Even with all these litigation considerations, Rip-off Report would not have filed the New Times suit if they had simply published a retraction that what Attorney Sharp said was not supported by any evidence OR if New Times had proven to us that Sharp did actually say what was attributed to him. As you know, people assume newspapers have been fact checked and Ed and Rip-off Report just wanted a simple statement that Sharp’s statement was unverified or, in the alternative, proof that Sharp was actually responsible for the statements in question.

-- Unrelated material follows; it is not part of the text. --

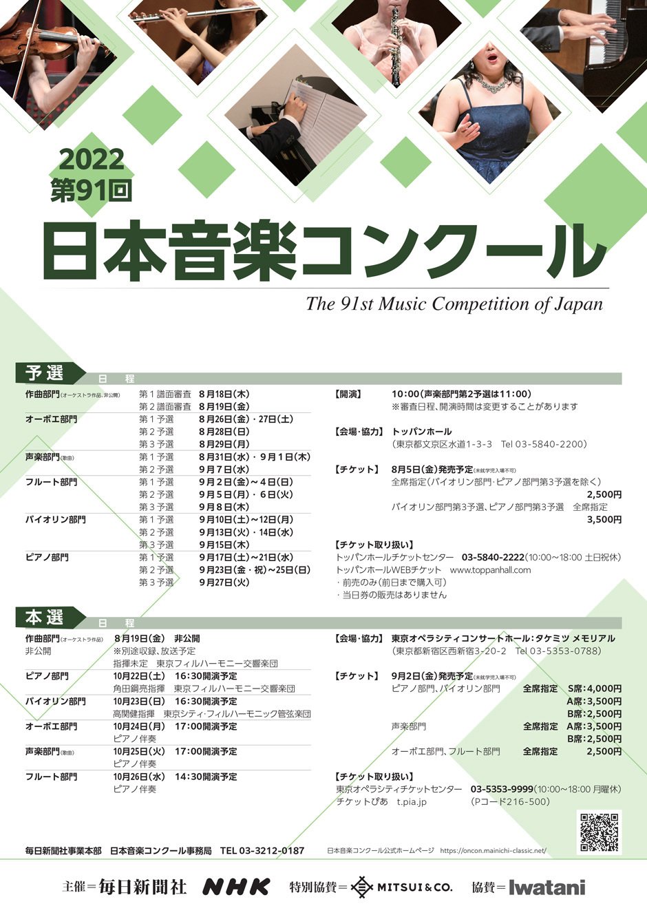 | Contact | [チケットのお申し込み] トッパンホールチケットセンター 03-5840-2222(平日10:00~18:00) [日本音楽コンクールに関するお問い合わせ] 毎日新聞社事業本部内 日本音楽コンクール事務局 03-3212-0187(平日10:00~18:00) |

As you point out, the irony was not lost on us that this situation is very similar to the usual attempt to get around Section 230 by claiming that Ed wrote the Rip-off Report in question. Proving that negative is never easy given that we guaranteed the report writer’s anonymity. There are no such concerns here: there is a statement which has been attributed to Sharp and there may be a tape of the interview. There is no reason to keep a tape or notes private: the Shield Laws do not apply (Sharp was not an anonymous source and specifically waived any privilege), it is extremely relevant and, sooner or later, it is going to have to be produced. Given this doubt about who actually uttered the statements in question, I must respectfully point out that, even if New Times were solely an online provider, the suit against them would still be in exactly the same posture. There is an unfair dichotomy between print and online providers but this is not a case that shows the dichotomy: online or off, Ed and Rip-off Report will leave New Times alone if shown New Times is not responsible for the quote. Similarly, if New Times misquoted Mr. Sharp as he claims, there would be liability for both print and online media. Simply put, this is not a derivative liability case but Ed does want to get to the bottom of the issue of who made the statements.

I wish we could just assume that New Times had properly quoted Mr. Sharp. Unfortunately, there are some questions about New Times’ motives in this. New Times knows Ed runs a legitimate site: they had listed Rip-off Report as the best consumer website in the past and Ed had assisted all the New Times newspapers around the country including the Village Voice before and after New Times purchased it. We have our suspicions about why New Times decided to do a hatchet job on Ed but we will leave that for another day. What I can tell you for sure is that Ed’s contacts at several government agencies, such as the IRS, and members of the Corporate Advocacy Program independently told Ed that Ms. Fenske was only looking for dirt on Ed. When they had nothing but praise for Ed and Rip-off Report, she was not interested in what they had to say.

In summation, the problem here is New Times’ lack of cooperation leaving us no choice in the particular (and, perhaps, peculiar) factual situation. For the sake of media accuracy, we hope New Times can show the statements are solely attributable to Mr. Sharp but, until they do, we have a client to protect.

Thank you for your commentary and for all your work keeping us all up to date on the latest in Internet Technology, Marketing and First Amendment Law.